Why did the cloud surround the apostles? Can’t you see a preview of the Eucharist? In a sense, he was preparing them for the Eucharistic cloud. He will be really present, but through a cloud, as the apostles saw him on the mountain. Our Lord told them not to speak about this until he had risen. He is gently teaching us not to speak about what could redound to our honor and glory, not to speak about our good works! The apostles kept their word, since the grace of our Lord was there to help them.

88

My Sisters, this is a foretaste of heavenly contemplation. It seems that in paradise the struggle will be over. The soul will be so united to our Lord that it will forget everything else. It has to forget everything; what could it desire? When one is with Jesus Christ, one does not miss the goods of the world. The apostles forget everything; they want only to remain on Tabor. In paradise, they will possess Jesus Christ entirely. They will see that he is much more beautiful than on Tabor. I truly believe this. Since human eyes are too weak, our Lord was obliged to temper his glory.

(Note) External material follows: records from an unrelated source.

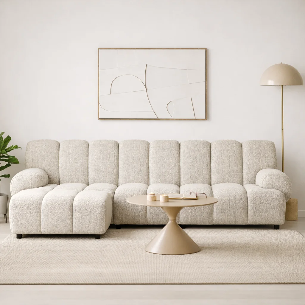 El sofá modular de 3,5 plazas con pouf en color sand es una pieza de diseño contemporáneo pensada para crear salones acogedores, elegantes y de alto confort. Su estética de líneas redondeadas y volumen generoso, combinada con un tapizado en poliéster 100% de tacto suave, lo convierte en un sofá protagonista ideal para interiores modernos y cálidos, especialmente en composiciones con maderas claras y tonos neutros.
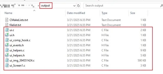 Find the UI source files and header files generated by SquareLine Studio.
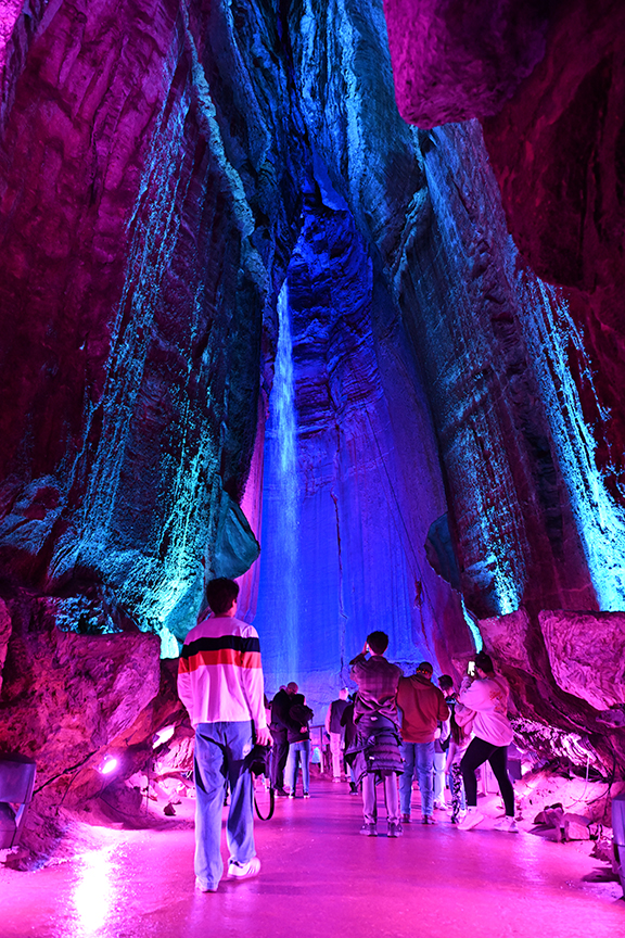 In Tennessee, we stepped inside a glass-front elevator and descended into the mountain’s depths to see world-renowned Ruby Falls. As our comically entertaining tour guide, Vil from Kentucky, led us past the cave’s fantastical mineral formations, we learned the story of Leo Lambert and the falls he named for his wife, Ruby. In 1928, while blasting an elevator shaft down to Lookout Mountain Cave, Lambert accidentally discovered a towering underground waterfall cascading over a sheer cliff wall. A year later, he opened the natural wonder to a steady stream of visitors that continues today.
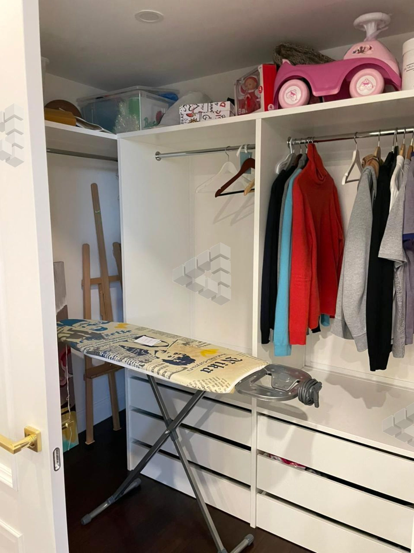 Планировка включает в себя: гостиная-кухня, спальня, гардеробная, санузел.
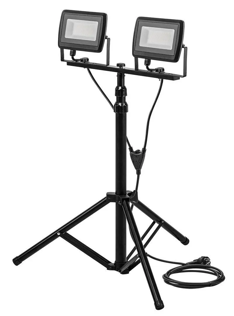 Подвійний прожектор на тринозі Neo Tools 99-062 оснащений світлодіодами SMD потужністю 2x50 Вт та світловим потоком 8500 люмен. Він призначений для використання під час ремонтних та будівельних робіт, а також у майстерні чи фотостудії. І при цьому може також використовуватися і в інших приміщеннях і для інших цілей (підсвітити майданчик, у дворі необхідну ділянку і т.п.).
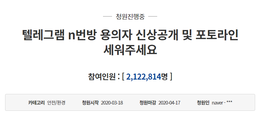지난 20일에 '텔레그램 n번방 가입자 전원의 신상 공개를 원합니다'라는 제목으로 올라온 청원에는 23일 오전 2시 기준 150만여명의 인원이 참여했다.
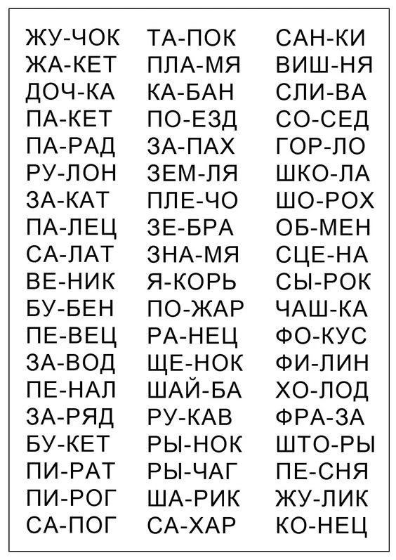 Читаем столбики слов ✅
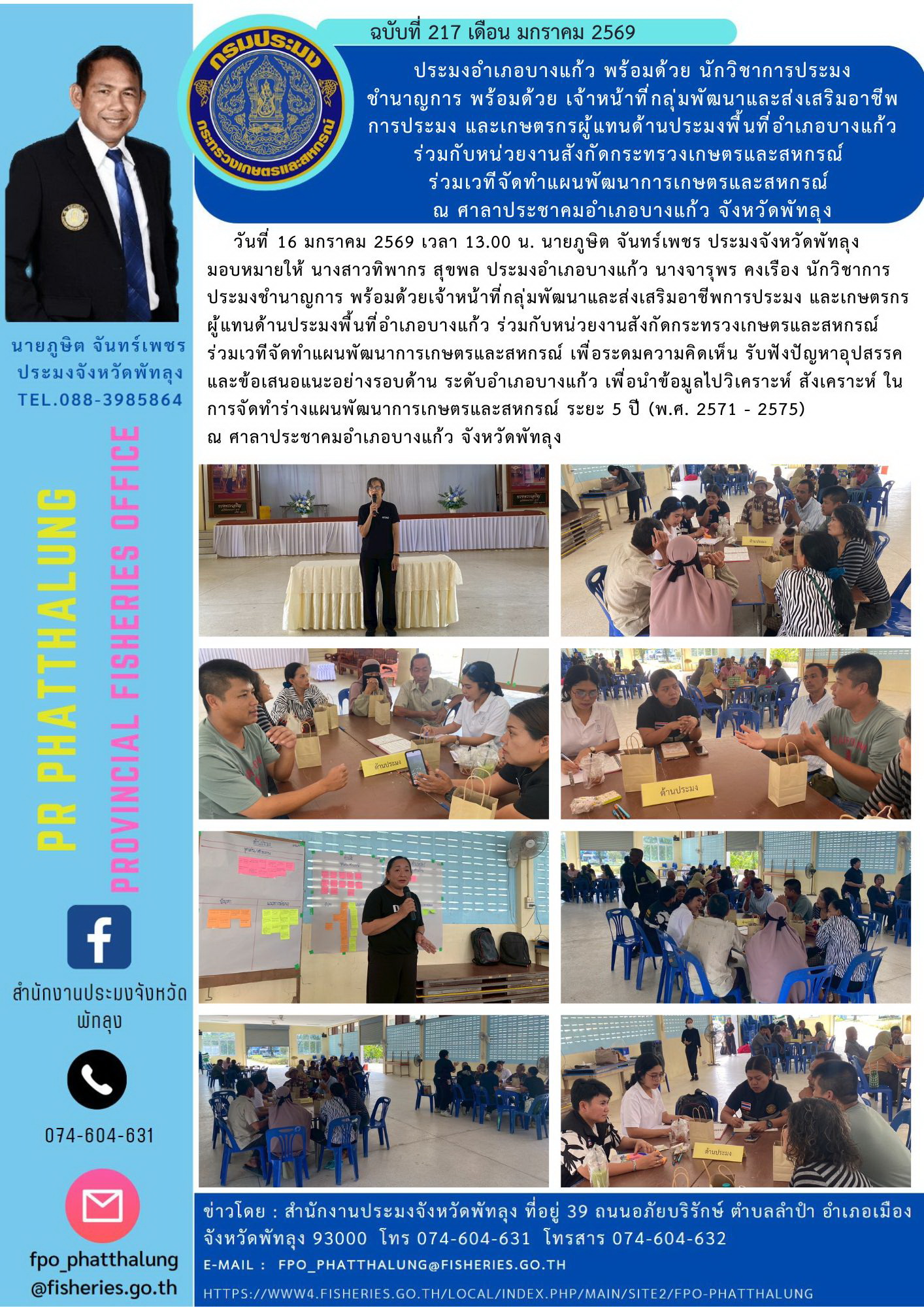 วันที่ 16 มกราคม 2569 เวลา 13.00 น. นายภูษิต จันทร์เพชร ประมงจังหวัดพัทลุง มอบหมายให้ นางสาวทิพากร สุขพล ประมงอำเภอบางแก้ว นางจารุพร คงเรือง นักวิชาการประมงชำนาญการ พร้อมด้วยเจ้าหน้าที่กลุ่มพัฒนาและส่งเสริมอาชีพการประมง และเกษตรกรผู้แทนด้านประมงพื้นที่อำเภอบางแก้ว ร่วมกับหน่วยงานสังกัดกระทรวงเกษตรและสหกรณ์ ร่วมเวทีจัดทำแผนพัฒนาการเกษตรและสหกรณ์ เพื่อระดมความคิดเห็น รับฟังปัญหาอุปสรรคและข้อเสนอแนะอย่างรอบด้าน ระดับอำเภอบางแก้ว เพื่อนำข้อมูลไปวิเคราะห์ สังเคราะห์ ในการจัดทำร่างแผนพัฒนาการเกษตรและสหกรณ์ ระยะ 5 ปี (พ.ศ. 2571 - 2575) ณ ศาลาประชาคมอำเภอบางแก้ว จังหวัดพัทลุง
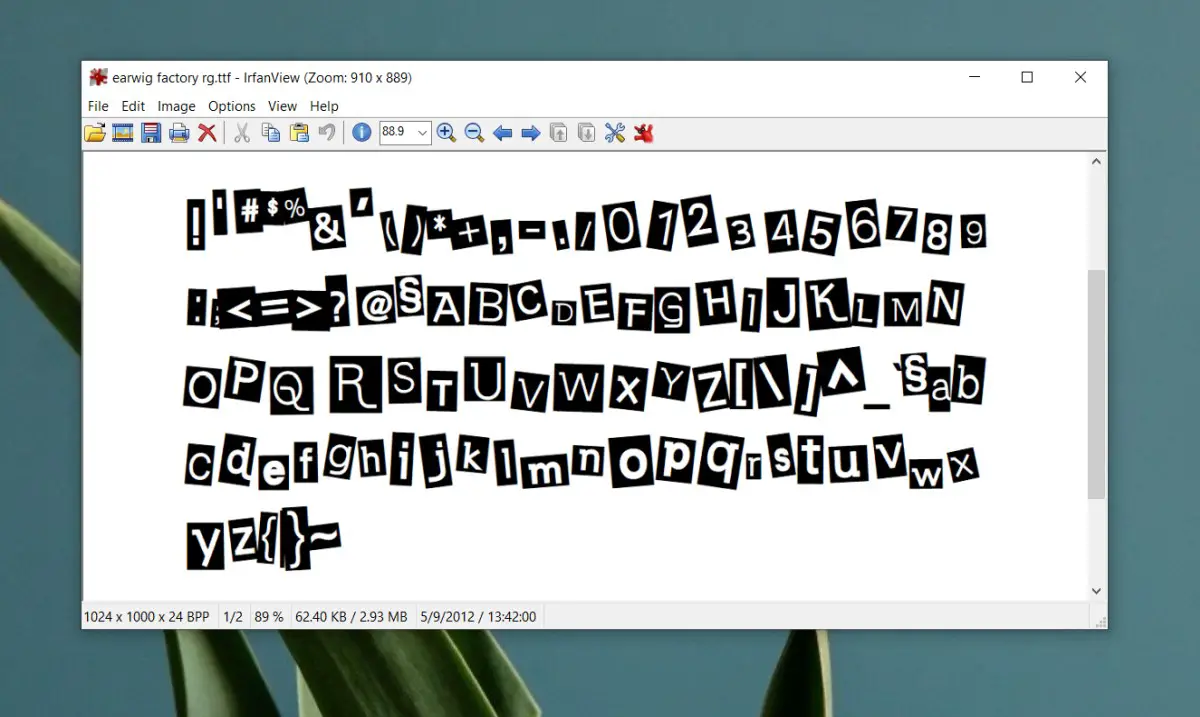 - Ouvrez le fichier de police dans IrfanView.
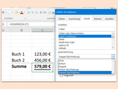 Summen werden doppelt unterstrichen - das lernte man früher schon in der Schule. Ein Problem beim normalen doppelten Unterstreichen ist allerdings: Buchstaben mit Unterlängen werden angeschnitten und sind daher schlechter erkennbar. Besser zu sehen ist die Unterstreichung einer Summe, wenn sie mit einer speziellen Formatierung ausgestattet wird.
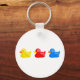 Niedliche Cartoon-Abbildung von drei verschiedenen farbigen Enten, die in einer Reihe zusammenschweben. Bilder auf verschiedenen Geschenken und Produkten erhältlich.
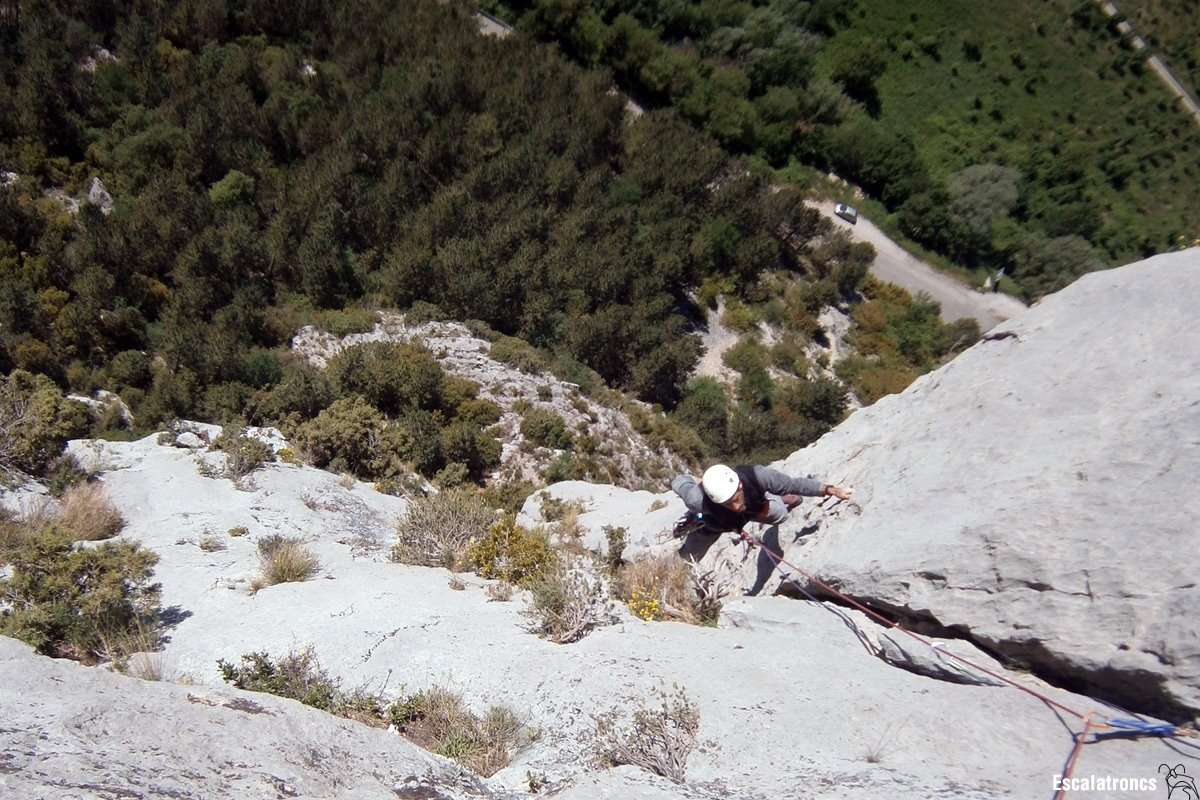 Pràcticament des-equipada haurem d’amanir-la al gust, sempre amb un bon emplaçament aprop. Els primers llargs són els més indefinits, especialment el segon, un autèntic rostoll. El gendarme de la tercera tirada es pot passar per fora, molt millor.
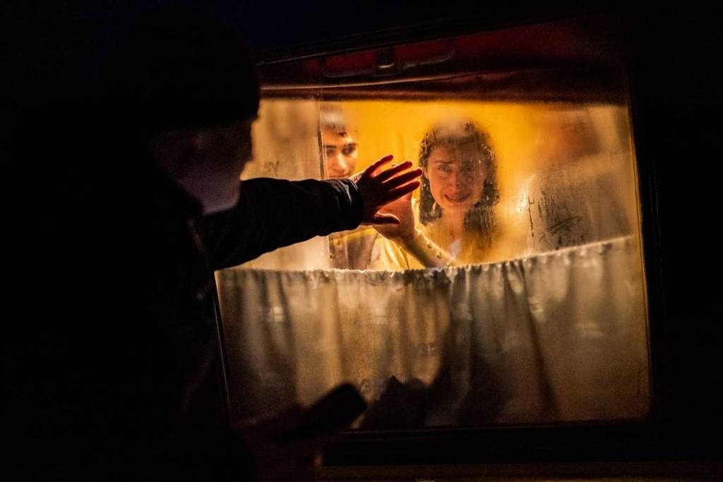 Eleita a foto do ano por concurso internacional,imagem mostra uma mulher dentro de um trem; ela chora e toca o vidro ao despedir-se do marido,convocado para lutar na guerra na Ucrânia — Foto: Salwan Georges/Siena International Photo Awards
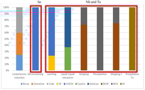 Share of reagents needed in each unit of the treatment and beneficiation process of Sn, Nb, and Ta.
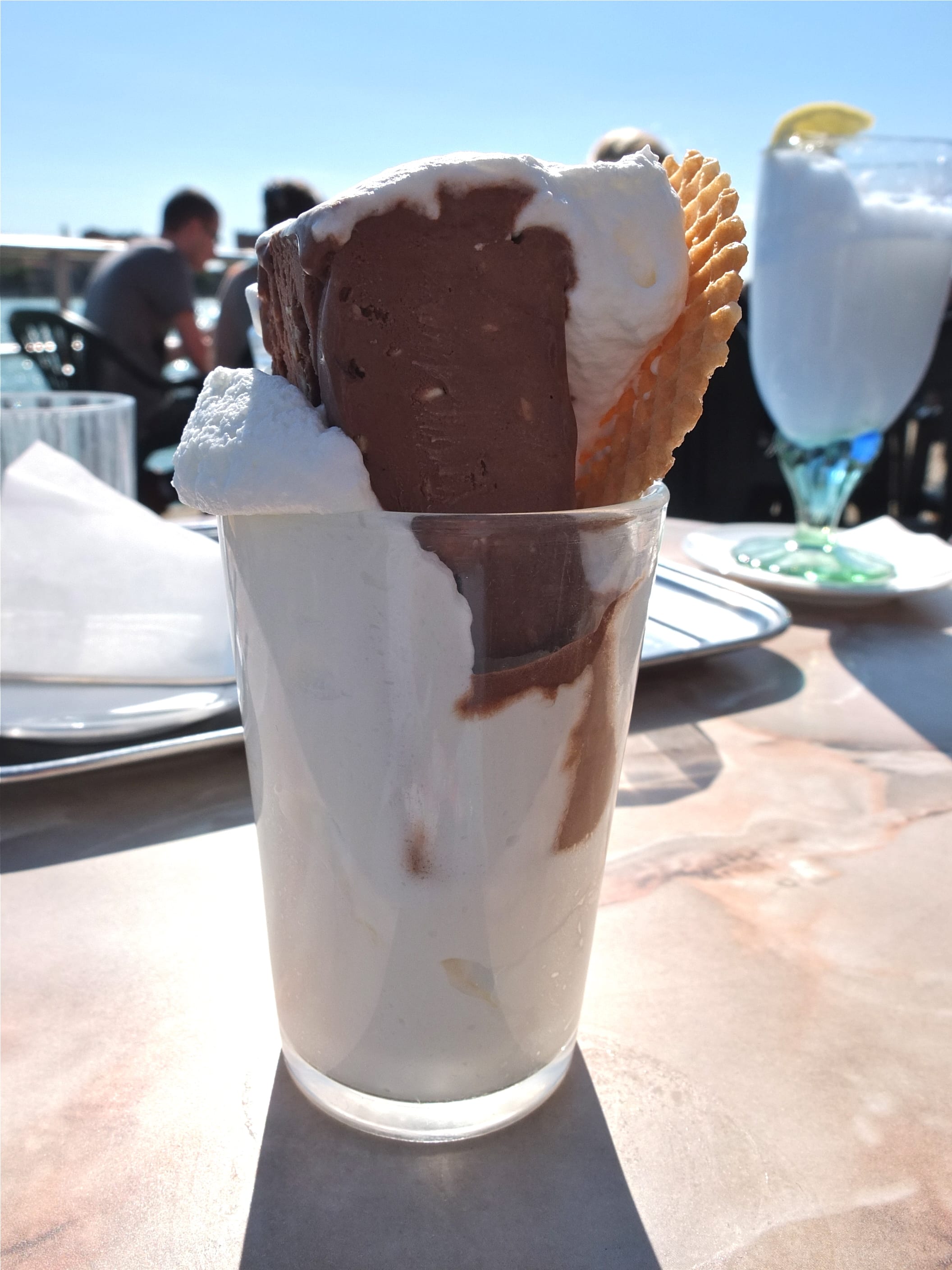 On s’installe au bord de l’eau en terrasse, j’ai même réussi à piquer un petit somme, il faut dire que ma glace était si légère !!
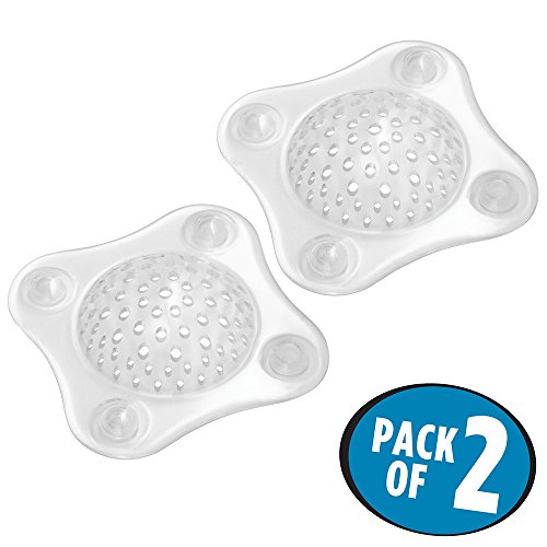 mDesign Bathroom Shower Drain Cover, Hair Catcher - Pack of 2, Clear

My poor Daughters, the Tabor of contemplation is not very threatening. Our Lord offers it to us in his goodness. His face does not shine like the sun, he is as gentle as love. Our eyes will not be strained; sleep will not overtake us threatened by the weight of his magnificence. Love may very well lead us to say, It is good to be at your feet; but an active love will add, Lord, what must we do to please you? This takes place in silence, in solitude, and in prayer. Our Lord reveals himself, makes himself known to the soul; one must desire him and make oneself worthy. The angels will come, not to distract you from his presence, since they are servants. Clouds will come, but love has its own way to find the one who is loved. Love is union. Practice this contemplation of love, since it is the best. It will not leave you lazy or neglectful, because one does not sleep on Tabor. Love is always vigilant.

Point for reflection:

This experience of the glory of the Lord consoles the disciples and readies them for the coming sufferings of the Passion. This meditation includes several points: the Scriptural texts with their lessons, the love of silence and solitude, the transforming effects of grace, strength in the face of suffering, the centrality of Jesus in the history of salvation, and some approaches to contemplation. Develop one of these ideas.